#### [TASK ITEM]
Nothing outside the range is wanted. Repeat exactly the lines below from the one with "Im Inneren befinden" through the one with "Narożnik z funkcją".

#### [GIVEN RECORDS]
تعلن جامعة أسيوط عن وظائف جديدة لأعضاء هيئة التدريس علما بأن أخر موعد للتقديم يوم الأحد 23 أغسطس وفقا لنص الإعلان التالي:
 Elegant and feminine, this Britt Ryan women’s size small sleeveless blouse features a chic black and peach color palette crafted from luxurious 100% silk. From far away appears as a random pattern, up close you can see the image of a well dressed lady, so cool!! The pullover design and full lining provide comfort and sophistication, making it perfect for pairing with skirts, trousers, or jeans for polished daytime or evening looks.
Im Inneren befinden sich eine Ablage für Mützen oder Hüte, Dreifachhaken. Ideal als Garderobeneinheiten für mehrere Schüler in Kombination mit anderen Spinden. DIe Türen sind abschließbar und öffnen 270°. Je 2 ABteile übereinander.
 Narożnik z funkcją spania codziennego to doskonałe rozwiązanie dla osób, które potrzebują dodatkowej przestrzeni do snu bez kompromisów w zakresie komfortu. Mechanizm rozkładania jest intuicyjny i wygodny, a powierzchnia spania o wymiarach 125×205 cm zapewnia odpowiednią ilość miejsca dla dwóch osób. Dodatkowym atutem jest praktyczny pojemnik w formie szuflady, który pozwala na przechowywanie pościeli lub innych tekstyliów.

==

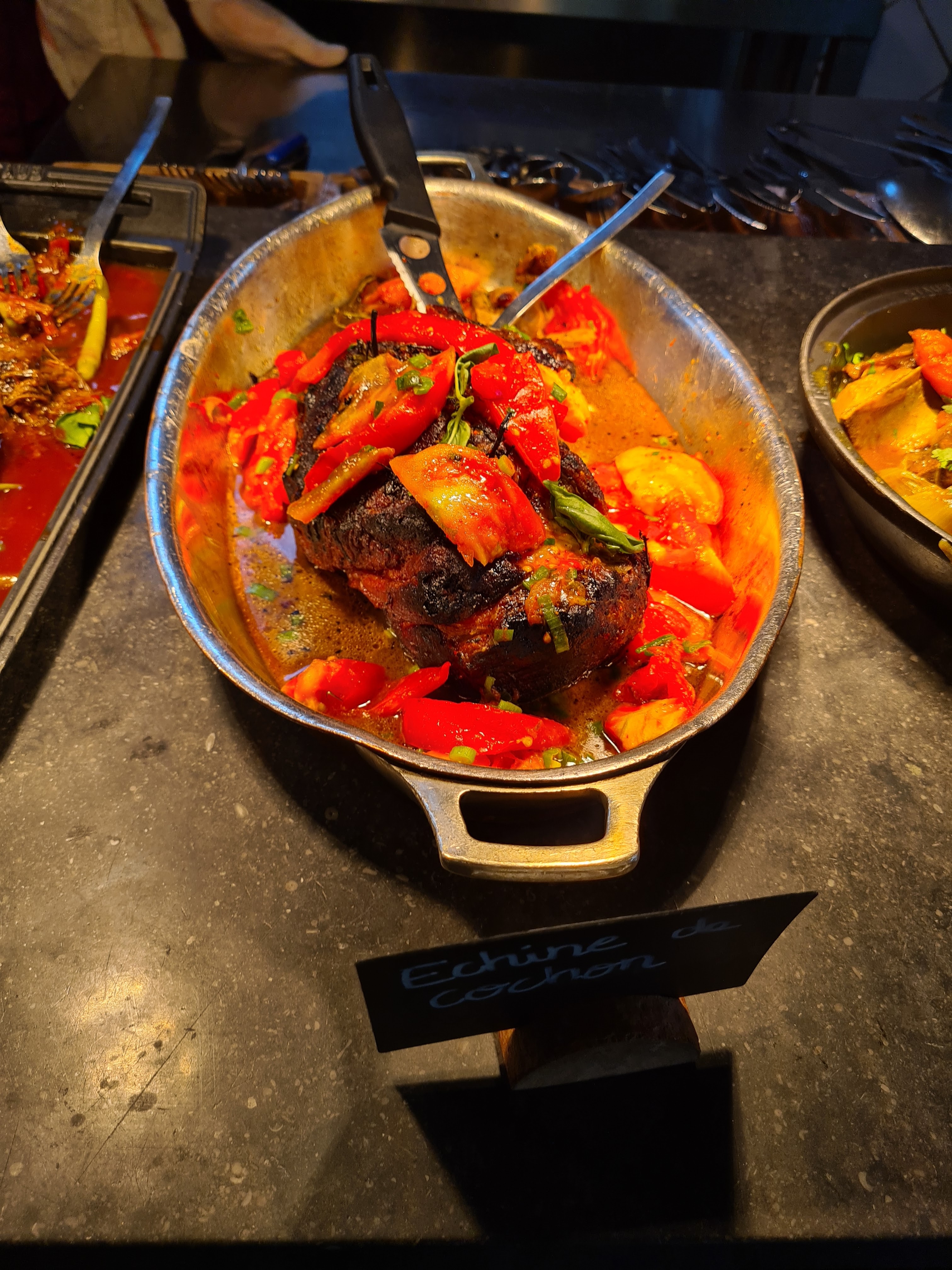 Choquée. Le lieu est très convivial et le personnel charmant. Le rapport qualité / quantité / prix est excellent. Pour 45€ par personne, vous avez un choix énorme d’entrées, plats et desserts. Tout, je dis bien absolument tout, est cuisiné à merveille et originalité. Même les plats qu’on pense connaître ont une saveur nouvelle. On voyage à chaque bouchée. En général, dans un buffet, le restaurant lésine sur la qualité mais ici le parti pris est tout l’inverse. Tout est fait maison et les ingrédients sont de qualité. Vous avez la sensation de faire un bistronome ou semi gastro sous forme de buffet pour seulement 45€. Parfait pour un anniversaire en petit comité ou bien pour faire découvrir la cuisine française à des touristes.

#### [EXERCISE RESULT]
Im Inneren befinden sich eine Ablage für Mützen oder Hüte, Dreifachhaken. Ideal als Garderobeneinheiten für mehrere Schüler in Kombination mit anderen Spinden. DIe Türen sind abschließbar und öffnen 270°. Je 2 ABteile übereinander.
 Narożnik z funkcją spania codziennego to doskonałe rozwiązanie dla osób, które potrzebują dodatkowej przestrzeni do snu bez kompromisów w zakresie komfortu. Mechanizm rozkładania jest intuicyjny i wygodny, a powierzchnia spania o wymiarach 125×205 cm zapewnia odpowiednią ilość miejsca dla dwóch osób. Dodatkowym atutem jest praktyczny pojemnik w formie szuflady, który pozwala na przechowywanie pościeli lub innych tekstyliów.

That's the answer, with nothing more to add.